Exercise:
What is needed is an exact copy of the whole listing below, with no pictures.

Information supplied:
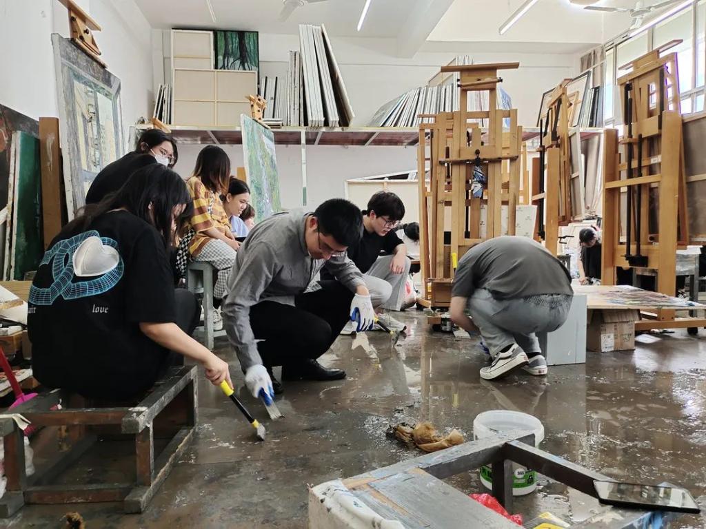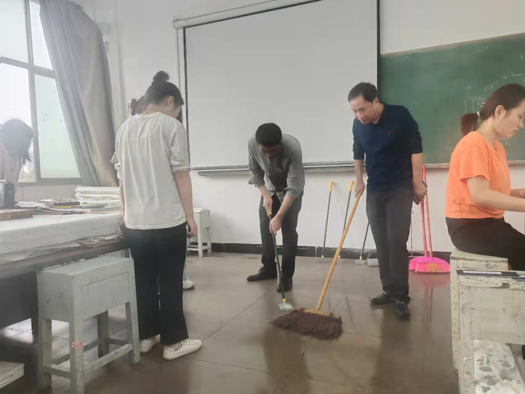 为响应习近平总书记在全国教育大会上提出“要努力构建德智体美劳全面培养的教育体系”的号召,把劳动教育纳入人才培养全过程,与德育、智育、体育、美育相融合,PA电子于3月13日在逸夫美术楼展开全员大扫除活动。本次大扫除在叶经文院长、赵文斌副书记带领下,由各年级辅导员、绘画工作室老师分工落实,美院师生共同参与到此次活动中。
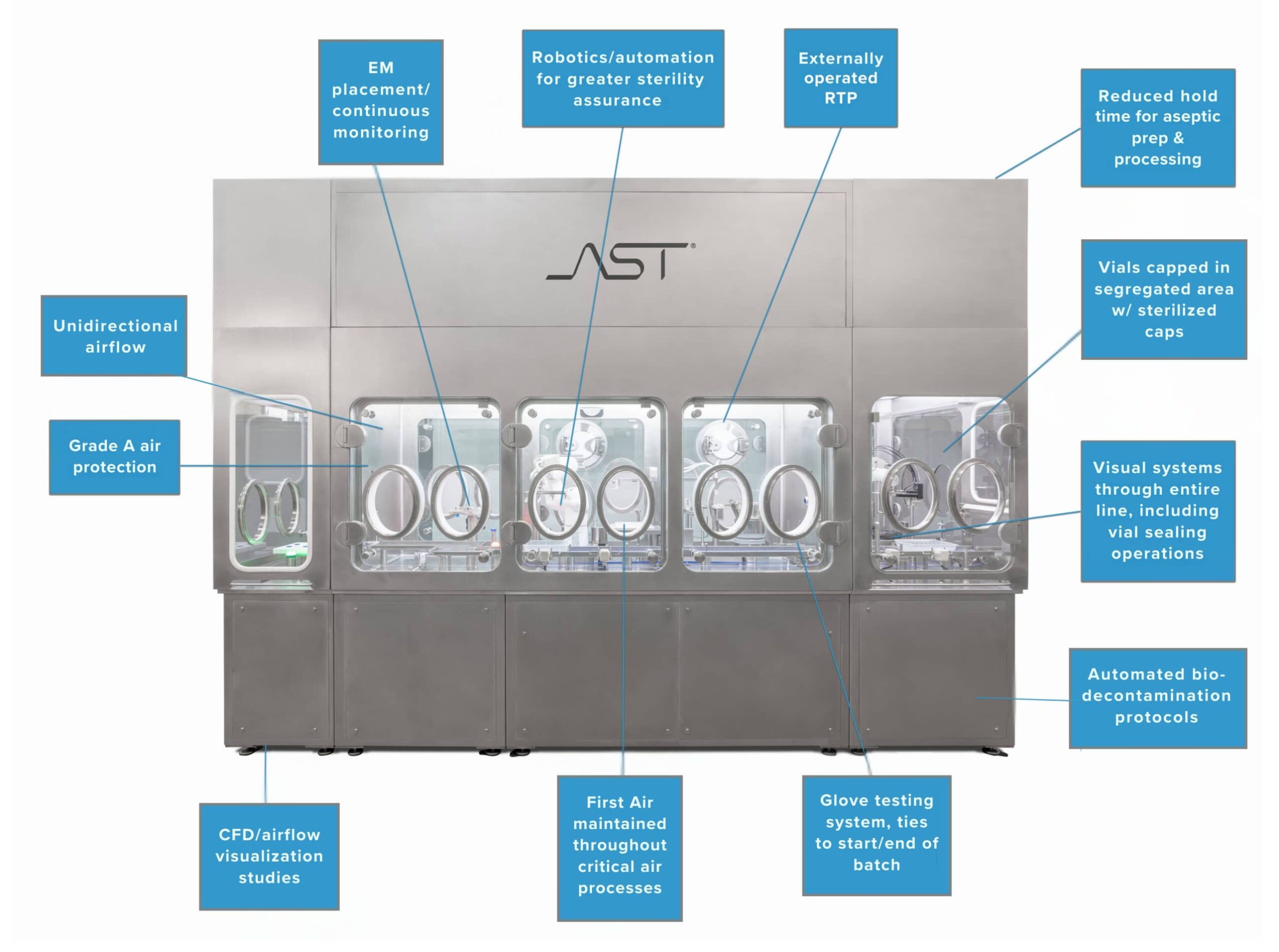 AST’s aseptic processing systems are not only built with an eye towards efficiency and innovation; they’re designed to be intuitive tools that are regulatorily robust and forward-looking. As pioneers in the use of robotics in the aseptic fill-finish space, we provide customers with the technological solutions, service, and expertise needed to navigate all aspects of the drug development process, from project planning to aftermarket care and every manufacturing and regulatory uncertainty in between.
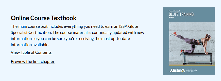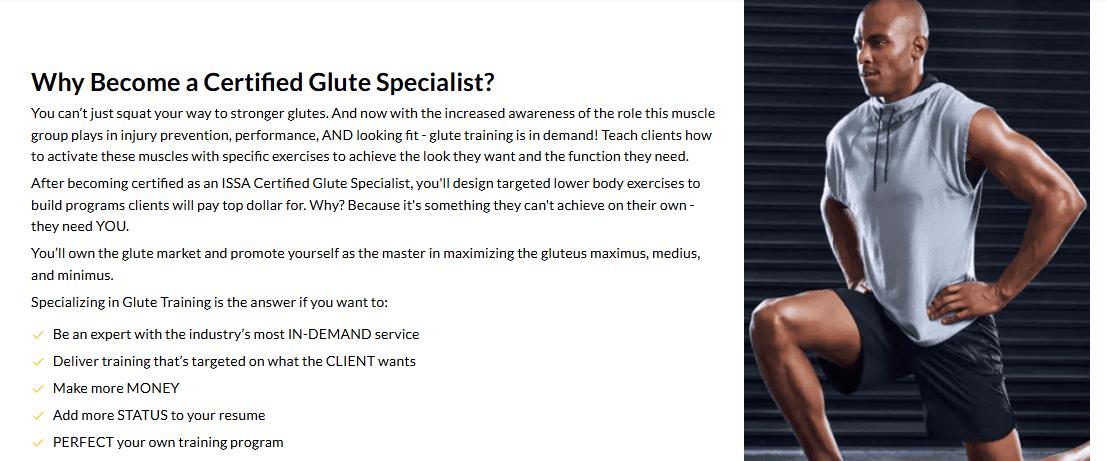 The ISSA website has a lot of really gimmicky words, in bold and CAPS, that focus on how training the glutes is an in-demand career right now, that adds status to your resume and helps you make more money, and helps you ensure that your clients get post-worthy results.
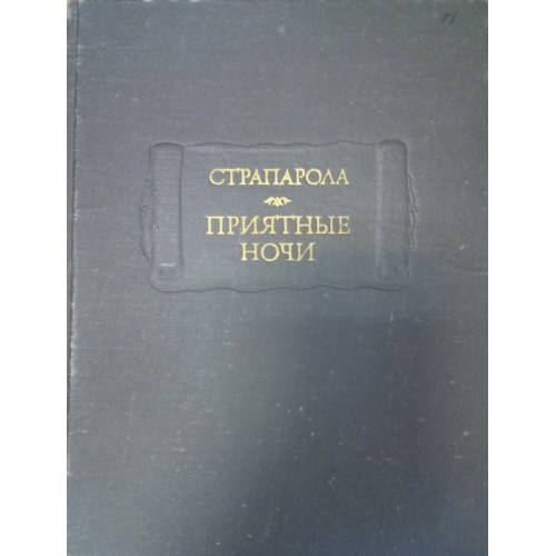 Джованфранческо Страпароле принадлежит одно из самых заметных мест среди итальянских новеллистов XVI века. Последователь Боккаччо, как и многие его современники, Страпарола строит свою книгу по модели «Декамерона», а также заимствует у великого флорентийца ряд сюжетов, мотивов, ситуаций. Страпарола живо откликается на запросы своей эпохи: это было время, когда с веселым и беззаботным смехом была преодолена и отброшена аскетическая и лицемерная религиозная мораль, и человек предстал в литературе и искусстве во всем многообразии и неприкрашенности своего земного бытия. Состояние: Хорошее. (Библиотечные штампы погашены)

Exercise response:
 为响应习近平总书记在全国教育大会上提出“要努力构建德智体美劳全面培养的教育体系”的号召,把劳动教育纳入人才培养全过程,与德育、智育、体育、美育相融合,PA电子于3月13日在逸夫美术楼展开全员大扫除活动。本次大扫除在叶经文院长、赵文斌副书记带领下,由各年级辅导员、绘画工作室老师分工落实,美院师生共同参与到此次活动中。
 AST’s aseptic processing systems are not only built with an eye towards efficiency and innovation; they’re designed to be intuitive tools that are regulatorily robust and forward-looking. As pioneers in the use of robotics in the aseptic fill-finish space, we provide customers with the technological solutions, service, and expertise needed to navigate all aspects of the drug development process, from project planning to aftermarket care and every manufacturing and regulatory uncertainty in between.
 The ISSA website has a lot of really gimmicky words, in bold and CAPS, that focus on how training the glutes is an in-demand career right now, that adds status to your resume and helps you make more money, and helps you ensure that your clients get post-worthy results.
 Джованфранческо Страпароле принадлежит одно из самых заметных мест среди итальянских новеллистов XVI века. Последователь Боккаччо, как и многие его современники, Страпарола строит свою книгу по модели «Декамерона», а также заимствует у великого флорентийца ряд сюжетов, мотивов, ситуаций. Страпарола живо откликается на запросы своей эпохи: это было время, когда с веселым и беззаботным смехом была преодолена и отброшена аскетическая и лицемерная религиозная мораль, и человек предстал в литературе и искусстве во всем многообразии и неприкрашенности своего земного бытия. Состояние: Хорошее. (Библиотечные штампы погашены)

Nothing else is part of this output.